小説・秒速5センチメートル (ダ・ヴィンチブックス)

小説・秒速5センチメートル (ダ・ヴィンチブックス)

初めて映画見たときは、もう久しぶりにこれは鬱だと思うぐらい凹んでました。映画より前に桜花抄だけYahooの先行配信で見たんですが、そのときはまさかああいう終わり方をするとは夢にも思ってなかったから。
この本も発売日に買ったけど、第3話を読むのが嫌で封印してたんですが、つい最近BS2でやったのを見てもそれほどダメージ大きくなかったので、今なら大丈夫かな?と思って読んでみました。
第1話と第2話は、映画でやった映像を丁寧に文章に起こしつつ補完している感じ。文体が丁寧というか、優しい感じがする。空から見守っている人がいて、その視点な感じ。
やっぱり第3話の補完が大きいです。この小説の存在意義と言っても過言ではないぐらい。
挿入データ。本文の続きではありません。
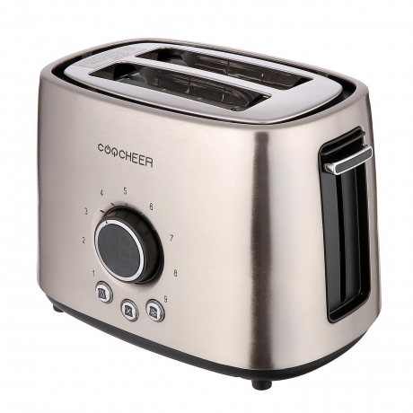 Toaster with 2 Extra wide self-adjusting slots(1.5" ).9 Adjustable brownin g controls.Reheat, Defrost, and Cancel Buttons.Stainless Steel Toaster with horizontal brush line.Toaster with LCD Digital display setting.Easy to clean (slide out cru.
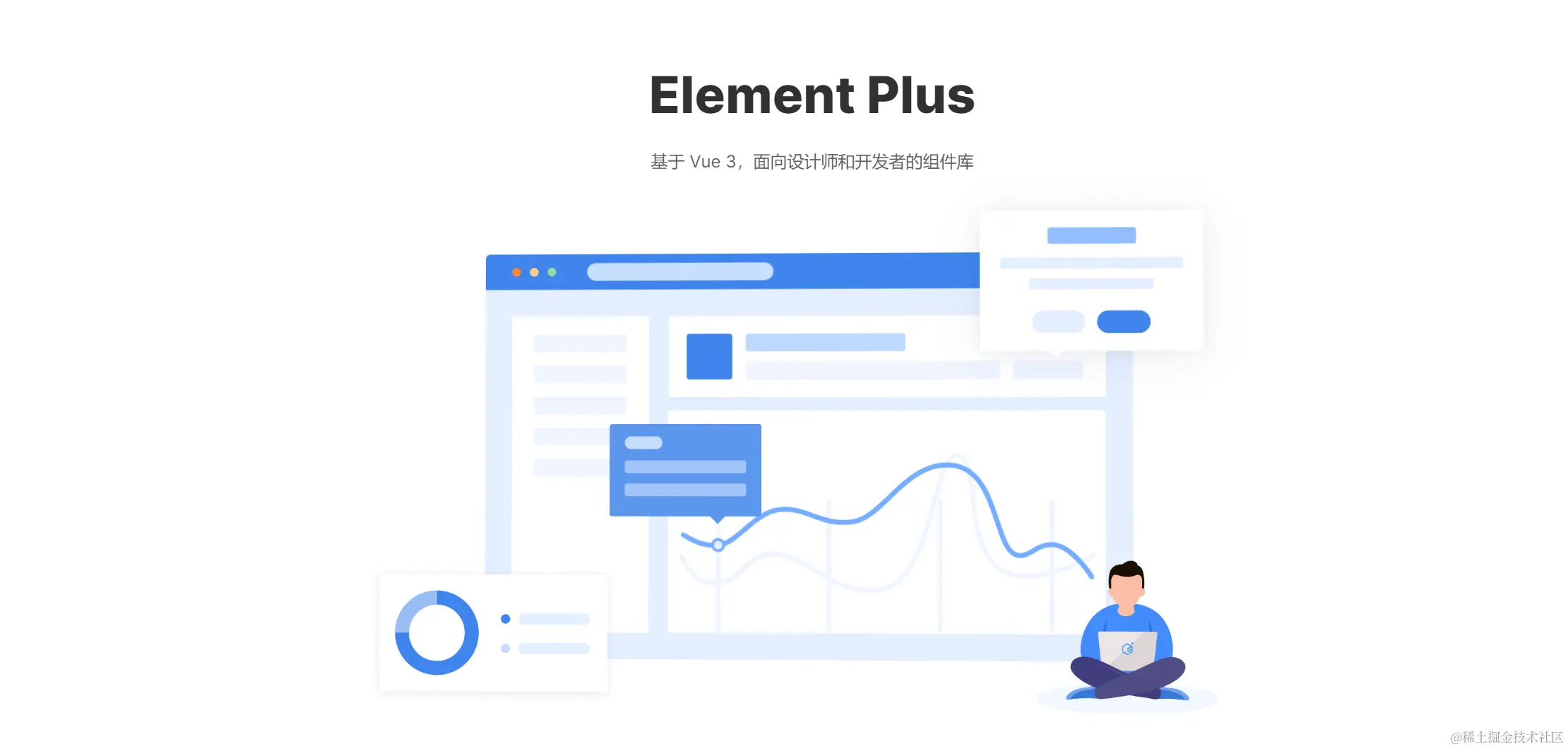 Element 是由中国的一个企业开源的 UI 库,拥有强大的中英文社区。基于 Vue 3 版本的 Element Plus 则是由社区驱动的。

このお話って、何か特別なことがあるわけじゃないんだよね。超能力とかじゃないし、死にかけるとかでもないし、何か事件が起きるわけでもない。そんなの俺だって経験したことあるよ!ってぐらいの出来事だけしかないのに、どうしてこんなに心動かされるんだろうって思う。うーんこれをうまく表現できればいいのだけれど。
第3話読んだ後は、貴樹に対する気持ちも変わったし、個人的には山崎まさよしのあの曲は合わないような気さえしています。
あとがきでも触れられているけど、小説と映画は相互補完な感じが強いので、どちらか一方よりも両方読むなり見るなりしたほうが良いと思います。